Below processing procedure will be described.At first, required input signal is a digital signal from analog signal conversion to A/D converter 21 between speech region detecting.Then, the digital signal that frame dispenser 22 is changed A/D converter 21 is divided into a plurality of frames, and each frame has 20 to 30 milliseconds length and about 10 to 20 milliseconds interval.At this moment, Hamming (hamming) window can be used as and carries out framing and handle the required window function that adds.Then, extract power the voice signal of each frame of being cut apart from frame dispenser 22 of feature extractor 23.After this, the power of each frame that FSA unit 24 use characteristic extraction apparatuss 23 are extracted detects the top and the tail end of voice, and voice recognition processing is carried out in detected interval.

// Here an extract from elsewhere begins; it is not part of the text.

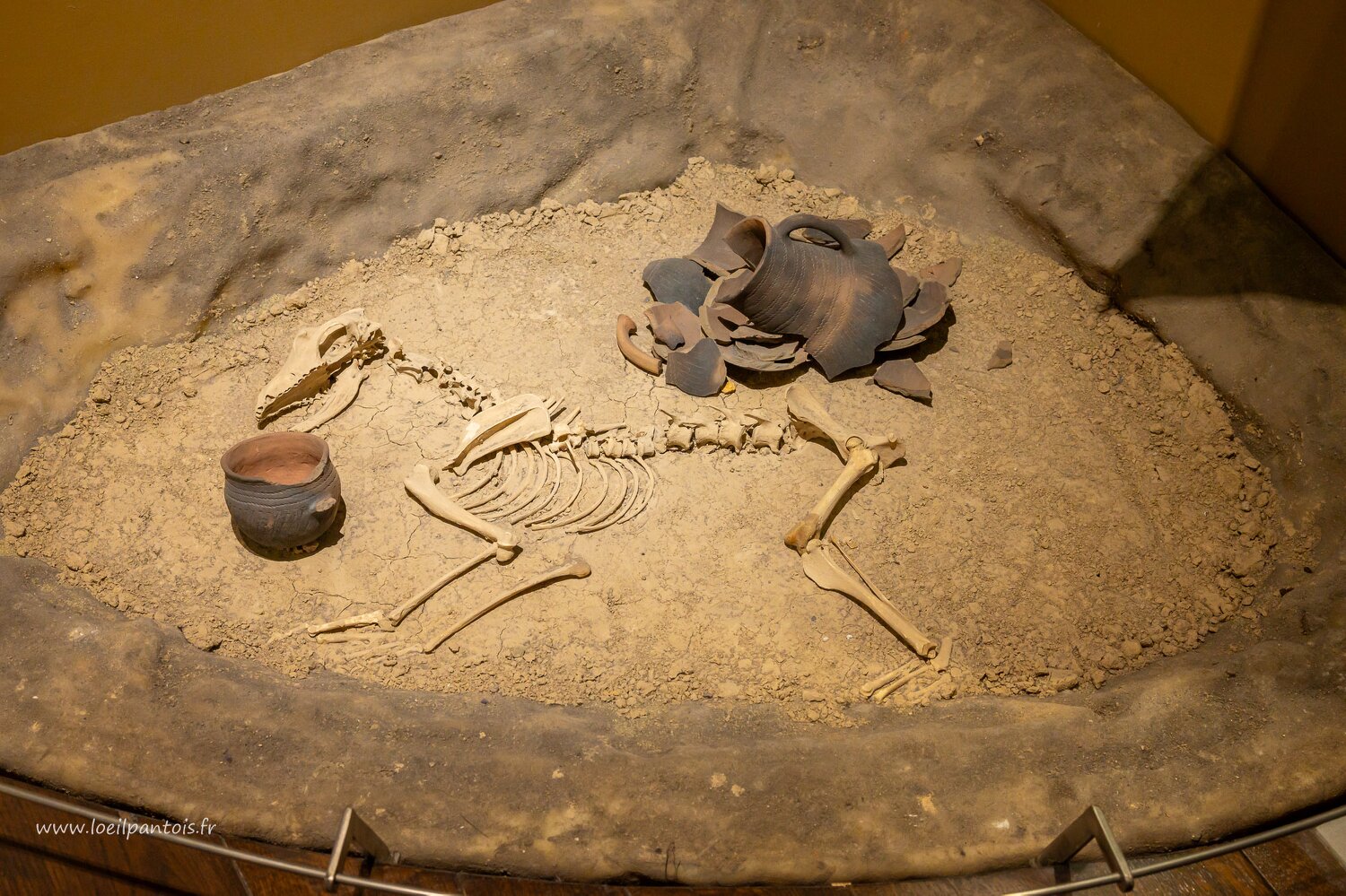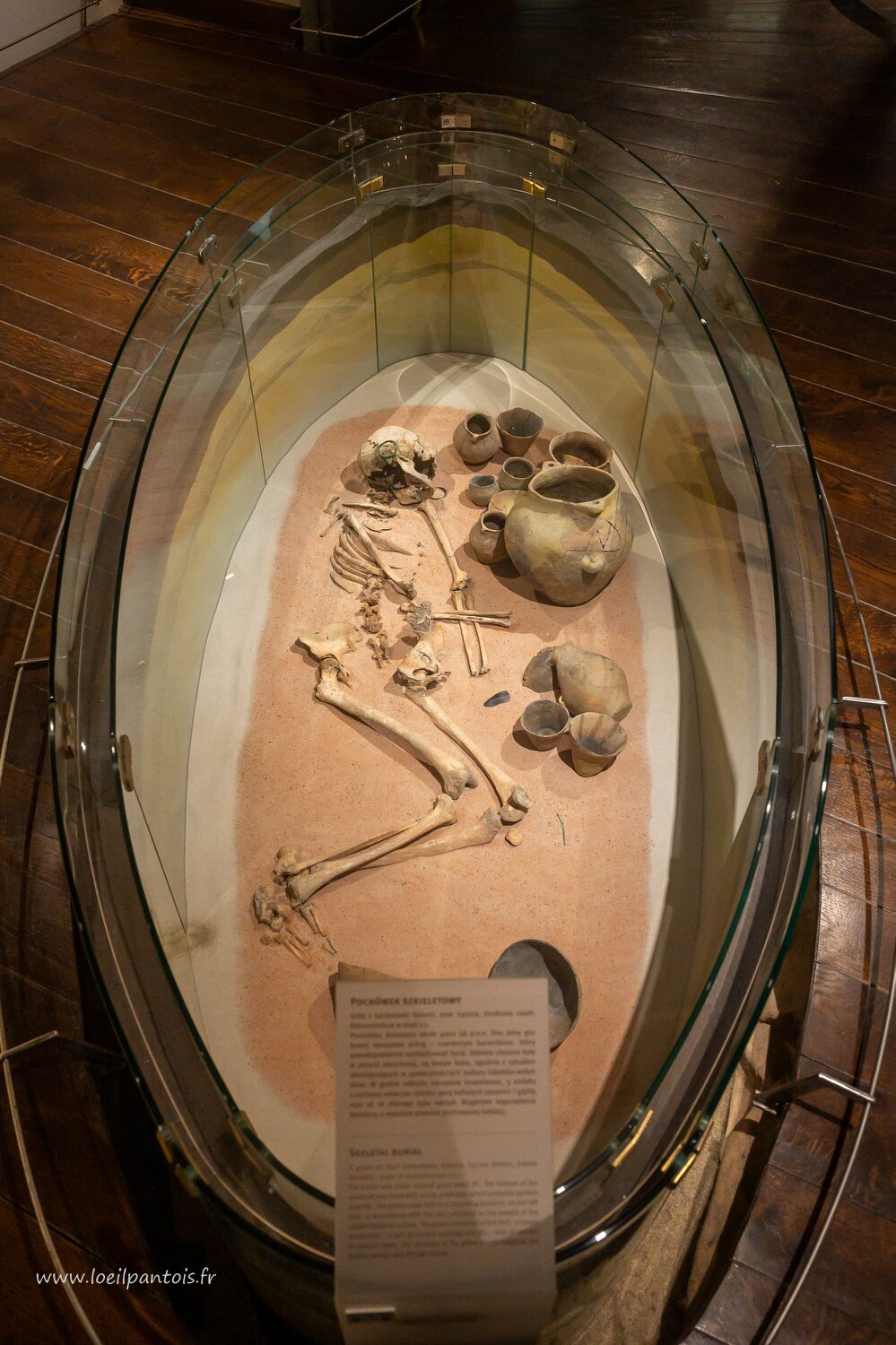 Chateau de Lublin, Fosse funéraire d'une femme du néolithique (env 4000 av JC) provenant des environs de Lublin. L'ocre au fond de la fosse symbolise la vie et…

To describe FSA unit 24 in detail now.As shown in Figure 3, the finite state machine of FSA unit 24 (FSA) has one of four states, that is: noise state, top detected state, tail end couple candidate detection state and tail end candidate determine state.For the top and the tail end that detect voice, the FSA of FSA unit 24 uses top T detection time sAs first duration, tail end couple candidate detection time T E1As second duration, tail end is determined time T E2As the 3rd duration.Such FSA has realized the transformation between a plurality of states in the FSA unit 24 based on the comparison between power that observes and the predetermined threshold value.
Among the FSA shown in Figure 3, the noise state is confirmed as original state.When the power that extracts from input signal exceeds threshold value 1 as the top detection threshold, realize transformation from the noise state to the top detected state.In the top detected state, when one wherein the power interval that is equal to or higher than threshold value 1 continued top T detection time sThe time, this interval top is confirmed as voice top, and the top detected state forwards tail end couple candidate detection state to.Here, top T detection time sBe set to about 100 milliseconds, with the faulty operation of avoiding causing owing to the burst noise outside the voice.At this moment, the position that obtains by increase default bias amount can be confirmed as the position, final top of voice.Just, when position, the detected top of automat is to handle starting position T after second the time, by increasing top side-play amount F sAnd the position that obtains promptly falls behind T+F sThe position of second can be confirmed as position, final top.As top side-play amount F sWhen negative, return to the final top that a position in the past is confirmed as voice.As top side-play amount F sBe timing, advance to the final top that a position in the future is confirmed as voice.When detecting between speech region when being used as the pre-service of speech recognition, the language head (anlaut) that detection-phase misses voice between speech region causes can't restore information, makes the speech recognition performance deterioration thus.Therefore, in detecting the top process, provide a negative offset value and make and to detect widely voice top on the direction in the past.As a result, can avoid missing voice top, improve precision of identifying speech thus.In the top detected state, when power was lower than threshold value 1, this state forwarded the noise state as original state to.This is a series of processing that detect voice top.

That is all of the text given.